Fin mai, à seulement trois ans de l’expiration de sa peine, ses avocats Shang Baojun et Mo Shaoping ont annoncé que, souffrant d’un cancer du foie au stade terminal, Liu avait été hospitalisé à l’hôpital universitaire n°1 de Shenyang.

Le spectre du passé.

La figure emblématique de Liu Xiaobo devenu le symbole des dissidents luttant en Chine et hors de Chine pour la démocratie, ravive dans le sérail politique chinois une collection de souvenirs néfastes dont le premier est celui de la répression de 1989, quand Liu, alors jeune professeur revenu de New-York à l’annonce des manifestations, joua un rôle éminent pour, la veille même de l’intervention de l’armée, avoir incité des centaines d’étudiants à quitter la place Tian An Men. Beaucoup lui doivent la vie.

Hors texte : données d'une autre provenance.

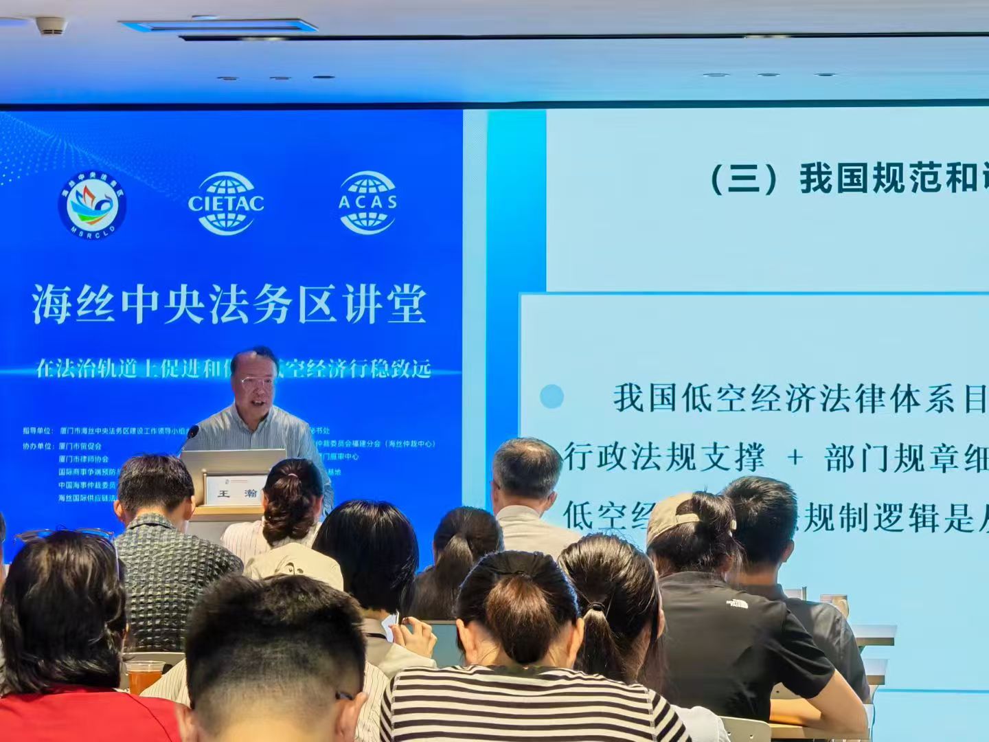 随着我国低空经济的快速发展,新修订的《民用航空法》将于今年7月1日实施,首次增设“低空经济发展促进”专章,将低空经济正式纳入法律体系。这一发展对相关法律服务的跟进提出了新要求。2026年4月29日,海丝中央法务区讲堂特邀西北政法大学原副校长、西北政法大学中国低空经济法治研究院院长、最高人民法院国际商事专家委员会委员王瀚教授,就低空经济相关法律问题进行了专题讲解。

Autre résurgence, également relayée par de nombreux articles dans les grands médias occidentaux de la planète, la mémoire de son combat pour la réforme du système politique et pour son ouverture à d’autres partis dont les termes furent inscrits dans la « charte 08 » qui lui valut sa condamnation.

Réclamant le multipartisme, l’indépendance de la justice et – de manière très utopique - l’évolution vers un système fédéral, le texte dénonçait également la corruption, les tumultes sociaux et les graves dégradations de l’environnement, effets pervers d’une justice aux ordres, de l’absence de respiration démocratique sous l’égide d’assemblées monocordes n’exerçant aucun contrôle sur les politiques publiques, le pouvoir et son comportement.

Compassion et goût de la liberté.

La longue série d’articles parus en Occident sur la saga du couple Liu (Liu Xiaobo et Liu Xia) agitant à la fois la romance, le goût de la liberté et la compassion est un coup porté à la réputation de la Chine que le parti tente de minimiser en interne.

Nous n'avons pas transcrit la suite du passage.